The terms “container”, “pod” or “box” is a hollow object that can be used for holding articles, especially to carry or store the articles.
The term “cassette” in the present invention may refer to a container within structures for storing or directly operating articles or objects. The term “wafer cassette” may be used for storing wafers dedicatedly.
The term “holder” in this invention may refer to a container for putting or keeping articles or objects therein.
The term “tray” in the present invention may refer to a flat container for carrying or storing articles or objects therein.
The term “carrier” in the present invention may refer to a container with handles for carrying articles or objects therein.
The term “SMIF(Standard Mechanical Interface)” in the present invention may refer to a system for semiconductor wafer fabrication and cleanroom environment. Now, SMIF is a SEMI standard.
The term “FOUP(Front Opening Unified Pod)” in the present invention may refer to a container for storing wafers or masks from one facility or equipment to another facility or equipment inside a factory.
The term “FOSB” in the present invention may refer to a container for storing wafers being shipped from one factory to another factory.
The term “MAC(multi application carrier)” in the present invention may refer to a container for storing semiconductor wafers, masks or reticles with multiple applications or purposes.
The term “high temperature” in the present invention may refer to a temperature higher than the temperature in the cleanroom.
The term “contamination-free gas” in the present invention refers to clean gas without contamination, such as nitrogen gas, CDA(Clean Dry Air), or extreme CDA(X-CDA).
The present invention may be applied to clean the containers, cassettes, holders, trays, carriers, SMIF pods, FOUPs, FOSBs for storing semiconductor wafers, reticles or masks in semiconductor manufacturing foundry.
In the present invention, temperature environment of the washing chamber will be raised more than 50° C., and preferred temperature will be between about 60-70° C. The increased temperature will boost AMC floating in the washing chamber to prevent from AMC adhering back to the surface of the FOUP.
In the present invention, temperature of the washing solution will be kept at least 45° C., which can be ranged from about 50-70° C., and preferred from about 50-60° C. The higher washing temperature is, the more possibility to remove out AMC from surfaces of FOUP wall.
In the present invention, gas exchange rate in the drying step of the washing procedure is increased from conventional 1 cycle/min to 4 cycle/min The increased gas exchanged rate, at least 8 cycle/min, will bring washed high dose AMC out of the washing chamber.

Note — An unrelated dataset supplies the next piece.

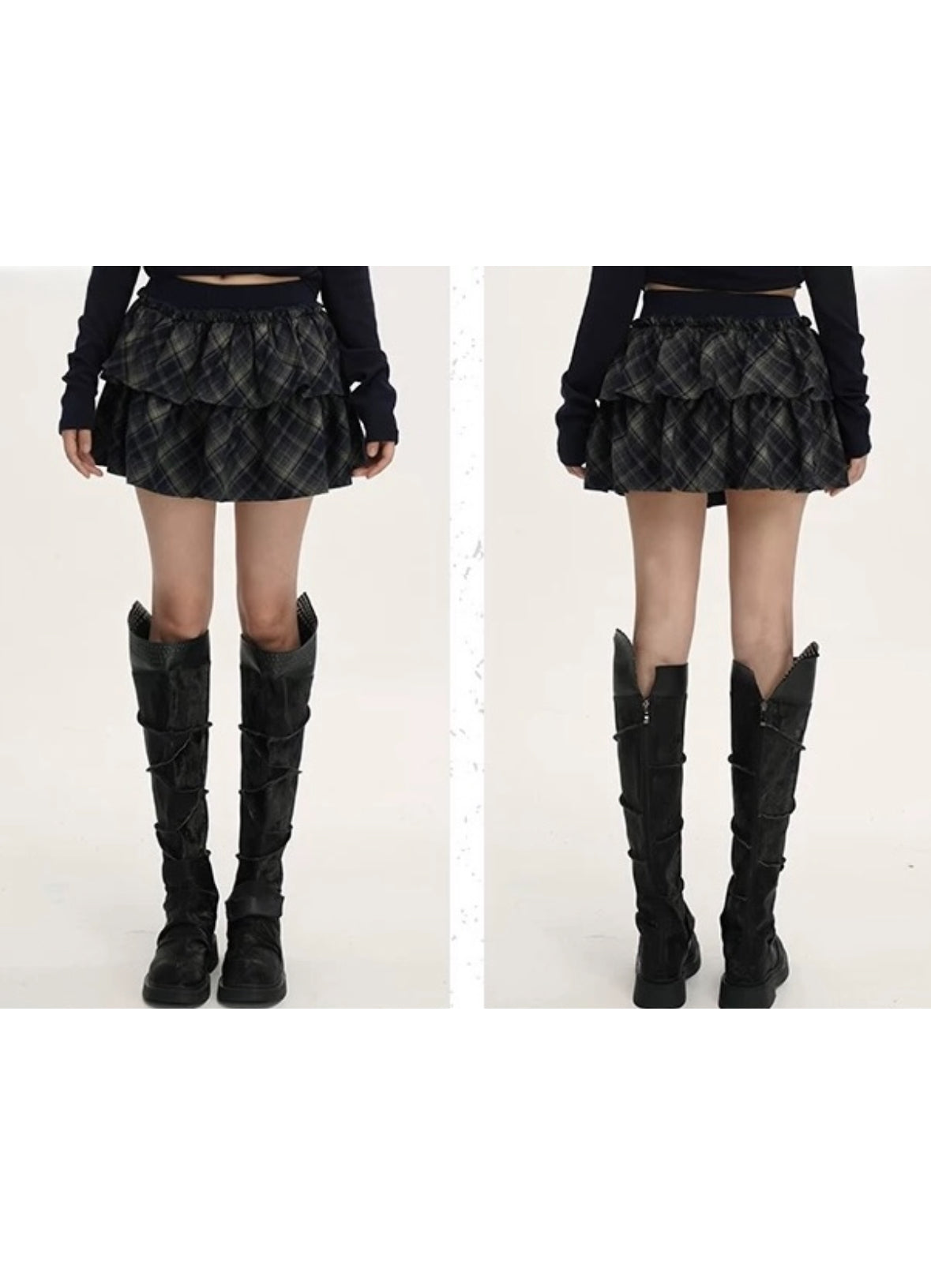 クラシカルなチェック柄にフリルを重ねた、ガーリーなミニスカート。

In the present invention, vacuum procedure can be optional. If ultra-cleanliness is required, vacuum station can be adapted in the cleaning system.
In the present invention, FOUP is thus purged by nitrogen gas in a high temperature, such as about 45° C., instead of conventional room temperature, for example 21° C., in the clean room.
In the present invention, an optional purging temperature step can be a gradually cooling process from 45° C. to room temperature of the clean room. The nitrogen gas in foundry, provided by factory service, is stored in the tank with high pressure as liquid nitrogen. When the liquid nitrogen is released to the washing facility with low pressure, temperature of the nitrogen gas is lowered than the cleanroom temperature. The nitrogen purge step in the conventional cleaning process will cool down the FOUP to a temperature lower than the cleanroom temperature, that AMC may be trapped on the surface of the FOUP at that lowered temperature. In foundry, nitrogen gas can be replaced by other contamination-free gas, such as CDA or X-CDA. Such contamination-free gas storage is similar to the nitrogen gas and may face similar issue.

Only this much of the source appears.